# ACTION ITEM
Transcribe the entries below word for word, beginning at the line with "This addon includes" and stopping after the line with "保持している鞘拡大の仕掛金買い1枚-白金売りの1組は含み益を維持しています。"; drop all pictures.

# DATASET RECORDS
☆ ☆ ☆ ☆
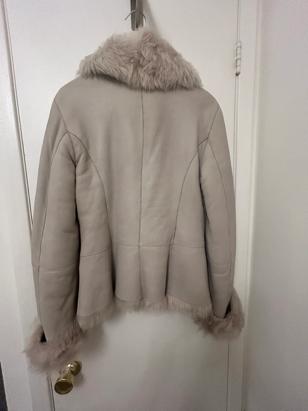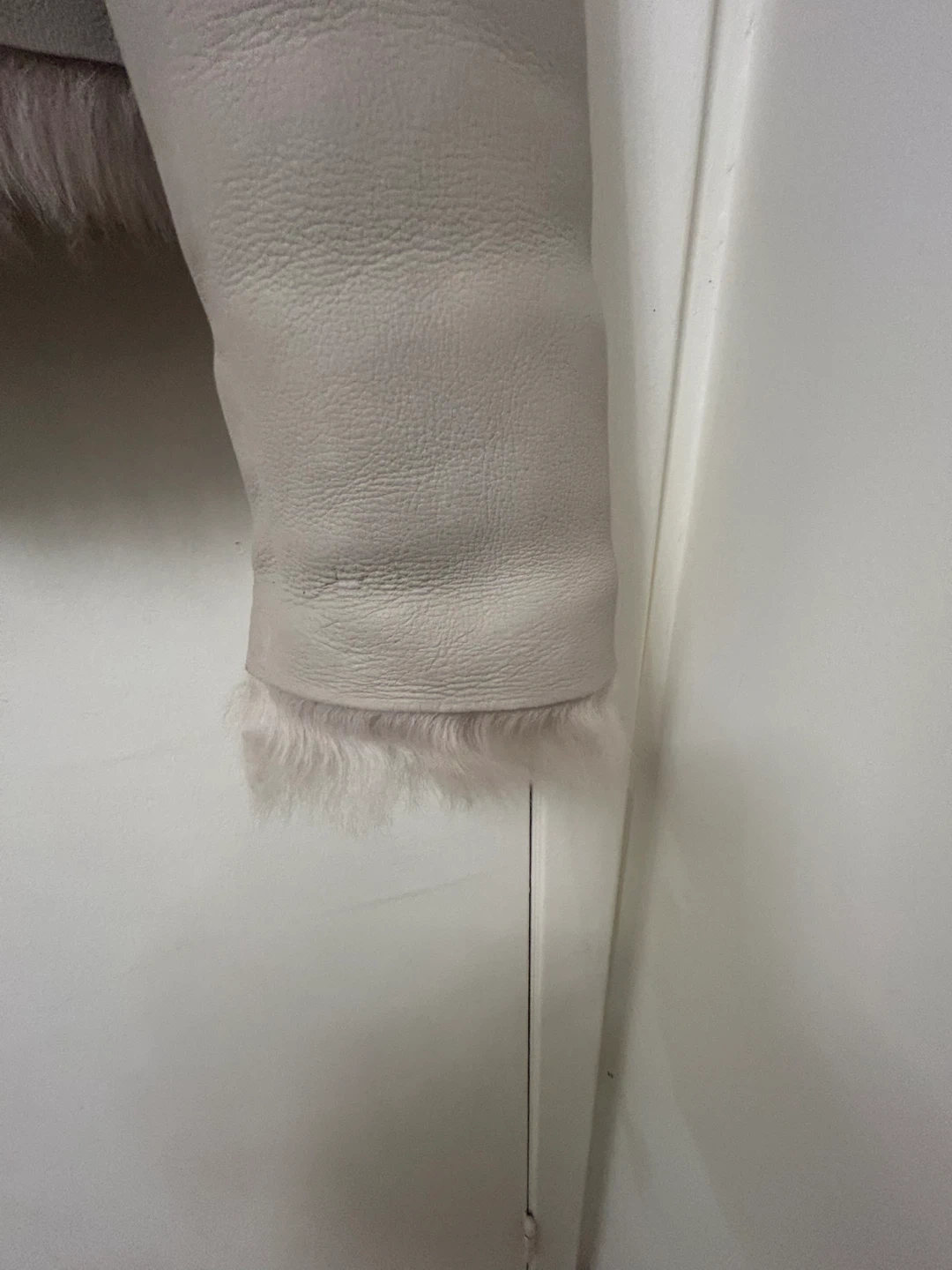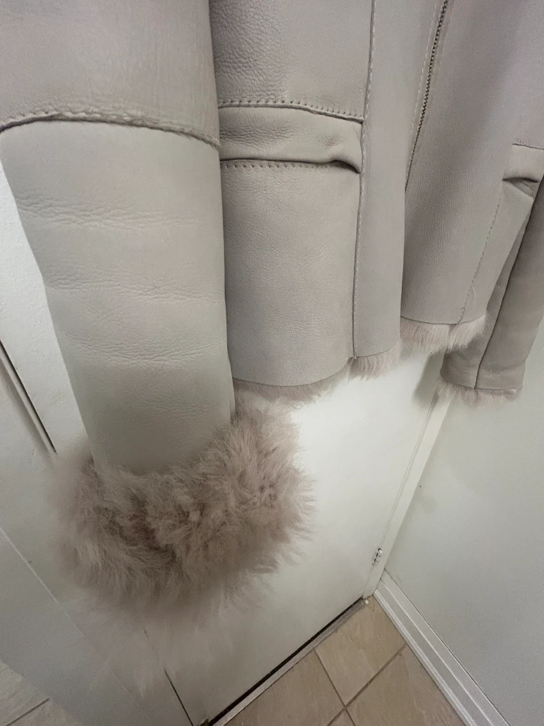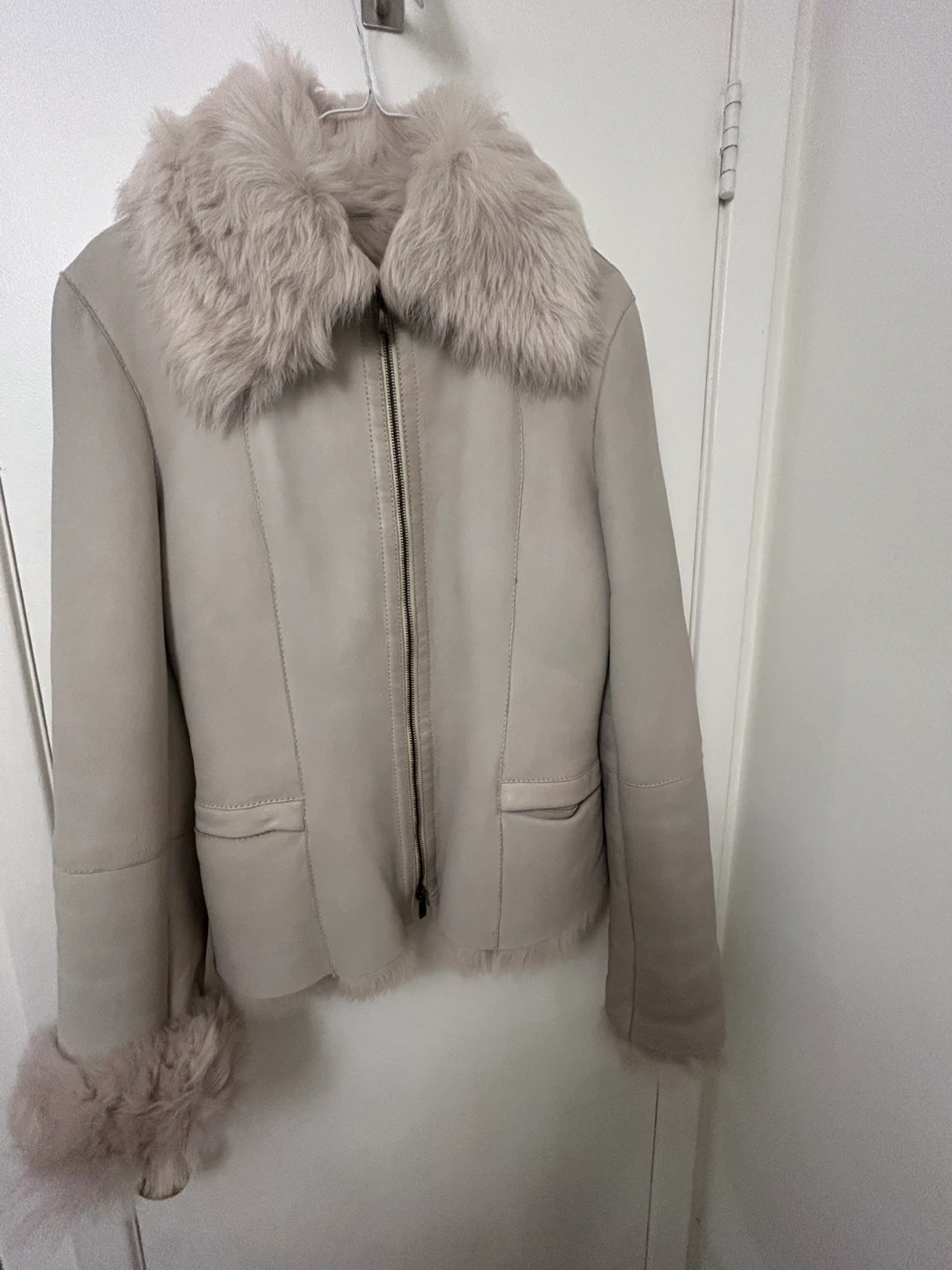 Here's a stylish jacket from Yomanis! It features a soft fur trim and a classic design. Perfect for staying warm and fashionable during the cooler months. Genuine leather.
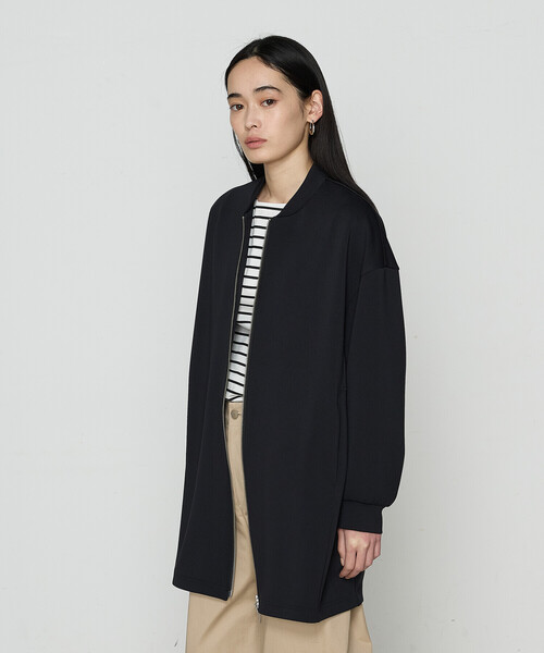 《デザイン》人気の定番素材で、ロングスタジャンタイプの羽織です。ゆったりとしたサイズ感ながら、長すぎない着丈はボトムを選びません。あえてメタルファスナーのムシを見せ、きらりとポイントにしています。ダブルジップ仕様のため、好きな位置で開き具合を調整できます。《素材》適度な肉感としなやかで、はりのある質感が特長のダンボール素材です。キックバック性が高く、テンションがありながら軽量なのもポイントです。しわになりにくくお手入れしやすい素材です。お手入れ:手洗いOK
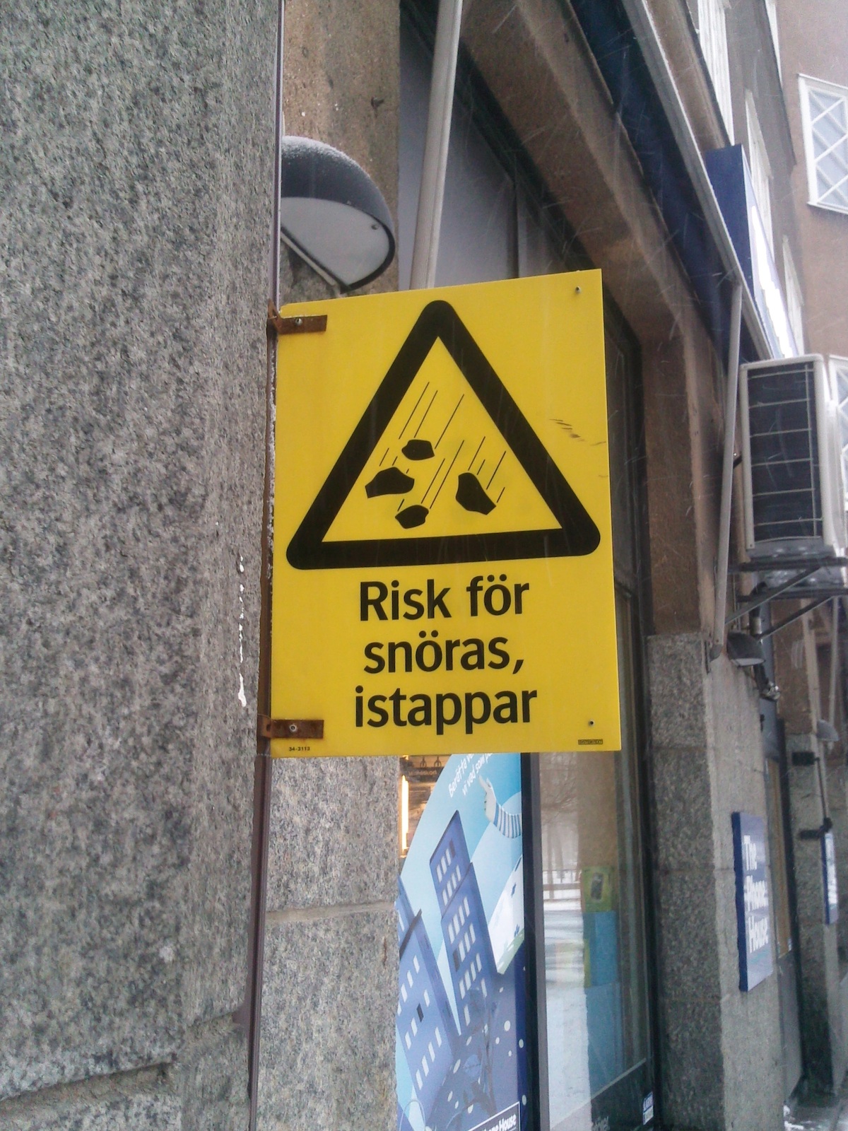 Alors que la neige a disparu dans la plupart de la ville, ces panneaux sont encore là pour les prochaines neiges. Ils nous avertissent des possibles chutes de neige et blocs de glace depuis les toits. Celui-là est fixe, mais régulièrement cet hiver, ils mettaient des panneaux provisoires nous incitant à nous éloigner des murs des immeubles ou bloquaient des trottoirs et des routes pendant que d’autres sur le toit s’activaient à faire tomber la neige.
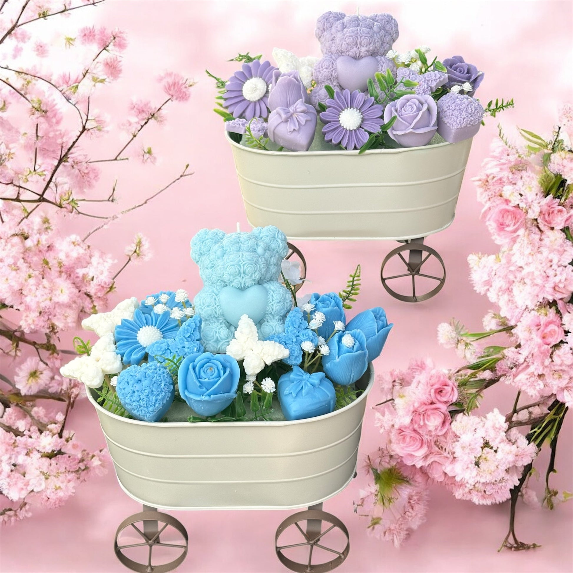 Bouquet Soy Wax Candles/Wax Melts In wagon Basket
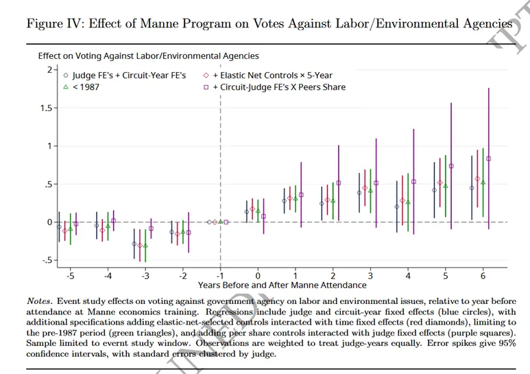 文章主要检验了法官对劳动、环境监管相关案件的投票意见。结果表明在经历培训后,法官更容易在监管议题上持反对意见。文章额外使用了反垄断法议题样本进行检验,结果虽然为正但并不满足统计性显著,可能是样本数量较少导致的。
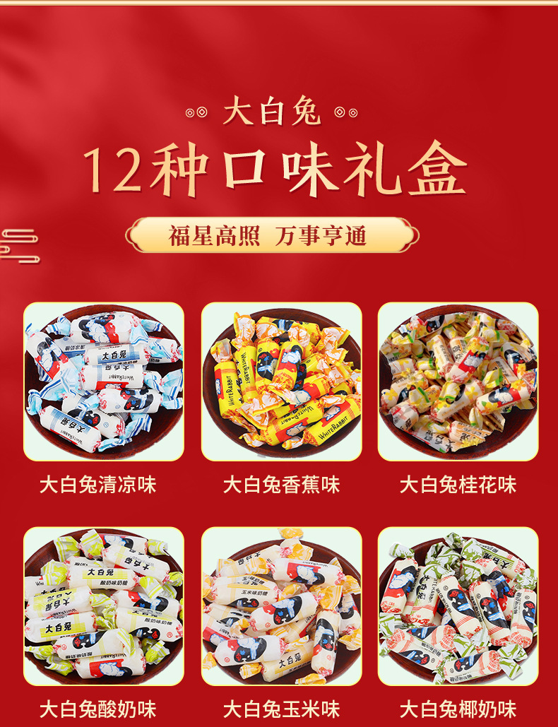 【好礼相赠❗大白兔奶糖礼盒】甄选品质原料制作,多种口味一次满足,缤纷口味老少皆宜,糖果大礼包500g,糖果礼盒年货零食品L
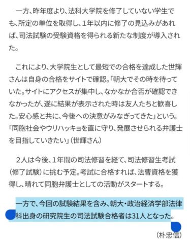 - なぜここまで朝鮮大学の司法試験合格率が高いのか、しっかりと検証すべきだ。
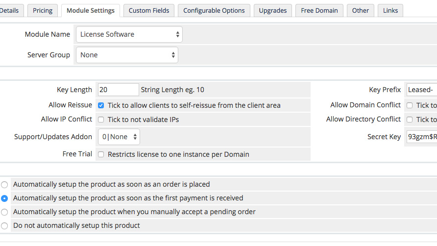 This addon includes many customization options to ensure your licensing system works for you. When you configure licensing for a product, you'll be able to set a key prefix and specific license key lengths. You'll also be able to set whether clients can self-reissue their licenses. For license requirements, you can choose whether to validate IP addresses, whether to allow domain and directory conflicts, and whether to include secret keys for MD5 verification. It has everything you need in a solution for SaaS-based products.
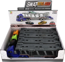 Tag på politiindsats med denne fantastiske autotransportlastbil. Legetøjet har en to-etagers vippeanhænger, som sikrer god leg og masser af plads til dine køretøjer.
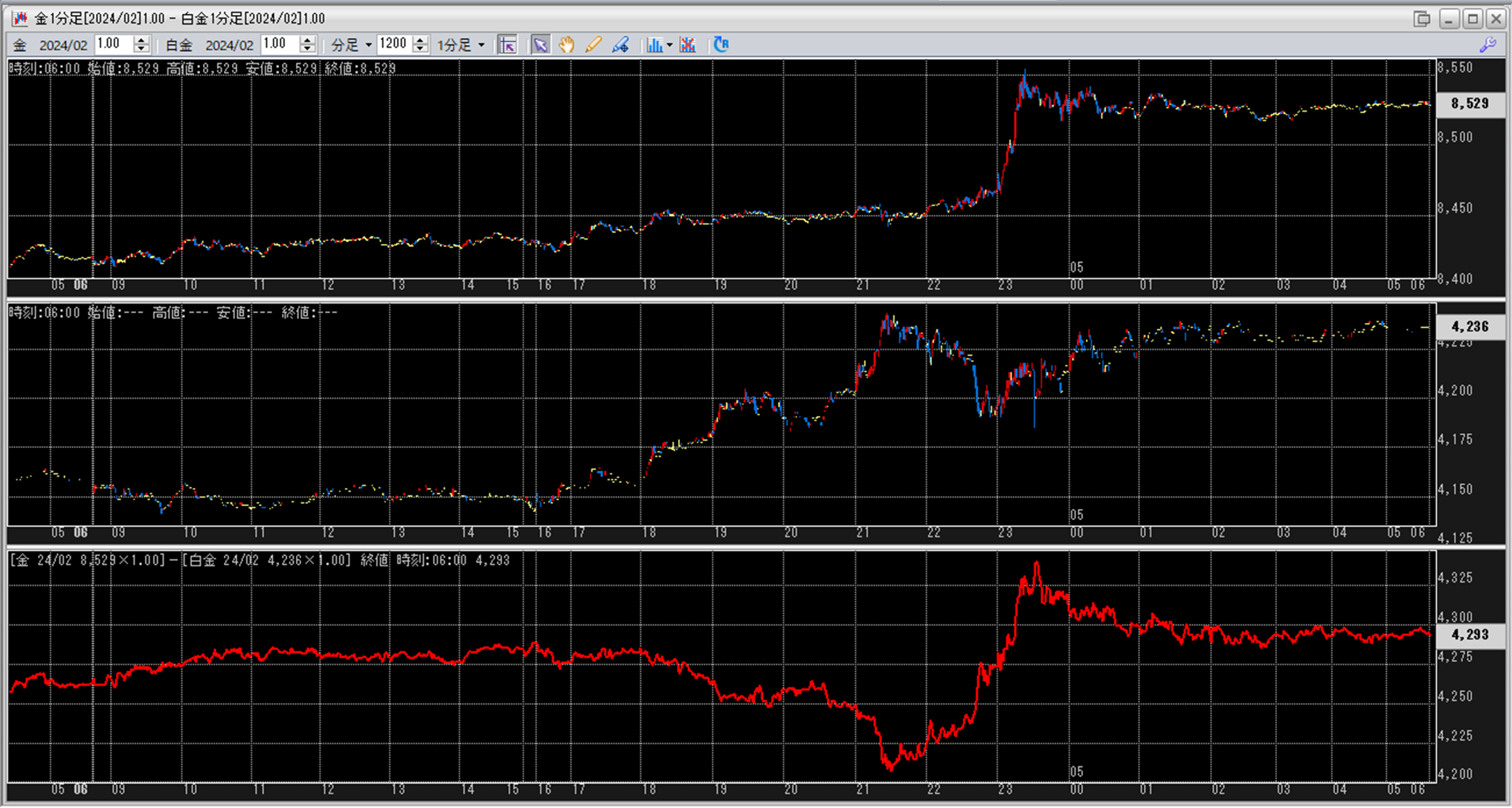 保持している鞘拡大の仕掛金買い1枚-白金売りの1組は含み益を維持しています。
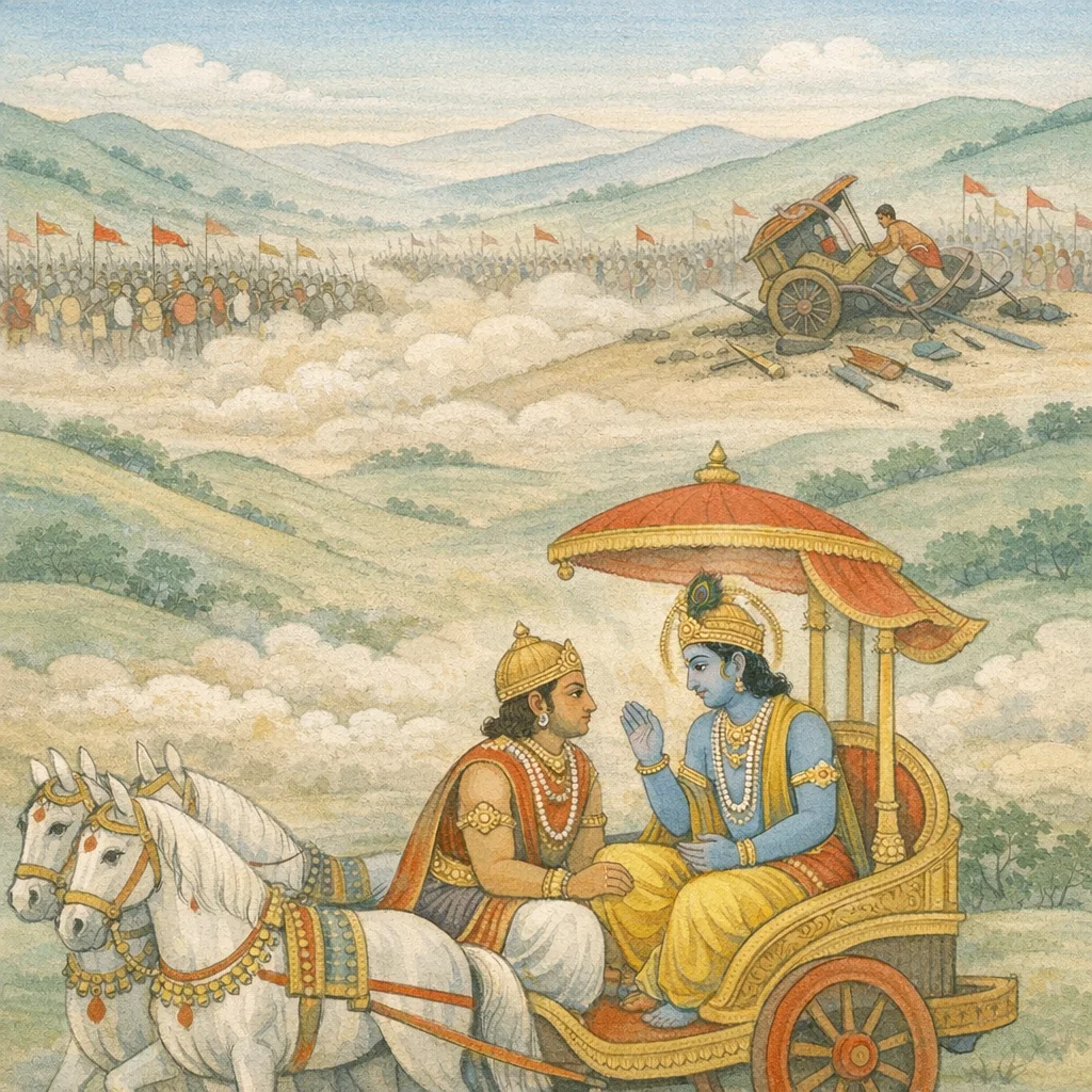 Chapter Arc: संजय धृतराष्ट्र से कहते हैं कि कर्ण-वध के लिए कृतसंकल्प अर्जुन जब आगे बढ़ते हैं, तब भगवान श्रीकृष्ण उन्हें फिर से संबोधित करते हैं—मानो निर्णायक घड़ी से ठीक पहले अंतिम, अचूक स्मरण दिला रहे हों। → कौरव-सेना का घनघोर संमेलन होता है—अक्षौहिणीपति, अस्त्र-विशारद, युद्धोन्मत्त नायक एक साथ जुटते हैं; श्रीकृष्ण अर्जुन को बताते हैं कि ऐसे संहत, दुर्धर्ष समूह को तुम्हारे बिना कोई जीत नहीं सकता। भीष्म और द्रोण के पराक्रम का स्मरण युद्धभूमि पर भय और सम्मान दोनों बढ़ाता है, और अर्जुन पर ‘एकमात्र निर्णायक’ होने का भार चढ़ता जाता है। → रण में थकान और प्रहारजनित श्रम से योद्धा ‘सुविह्वल’ होते हैं; उसी उथल-पुथल के बीच भविष्यवाणी-सा दृश्य उभरता है—राजाओं को कर्ण का रथ से गिरना, रक्त में डूबकर पृथ्वी पर पड़ा होना, और उसके आयुध बिखरे देखना पड़ेगा। यह अध्याय कर्ण-वध की अनिवार्यता को दृश्य-रूप में सामने रखकर चरम पर पहुँचता है। → कृष्ण का उपदेश अर्जुन के संकल्प को धार देता है: यह केवल व्यक्तिगत द्वंद्व नहीं, बल्कि युद्ध के प्रवाह को मोड़ने वाला कर्म है। कौरव-बल की भीषणता के बावजूद पाण्डव-पक्ष के लिए निर्णायक आशा अर्जुन के हाथों में केंद्रित होती है। → कर्ण के पतन का चित्र सामने रखकर कथा अगले क्षण पर रोक दी जाती है—क्या यह दृश्य अभी घटेगा, और किस क्रम में कौरव-वीर टूटेंगे?
☆ ☆ ☆ ☆
# REPLY TO THE EXERCISE
 This addon includes many customization options to ensure your licensing system works for you. When you configure licensing for a product, you'll be able to set a key prefix and specific license key lengths. You'll also be able to set whether clients can self-reissue their licenses. For license requirements, you can choose whether to validate IP addresses, whether to allow domain and directory conflicts, and whether to include secret keys for MD5 verification. It has everything you need in a solution for SaaS-based products.
 Tag på politiindsats med denne fantastiske autotransportlastbil. Legetøjet har en to-etagers vippeanhænger, som sikrer god leg og masser af plads til dine køretøjer.
 保持している鞘拡大の仕掛金買い1枚-白金売りの1組は含み益を維持しています。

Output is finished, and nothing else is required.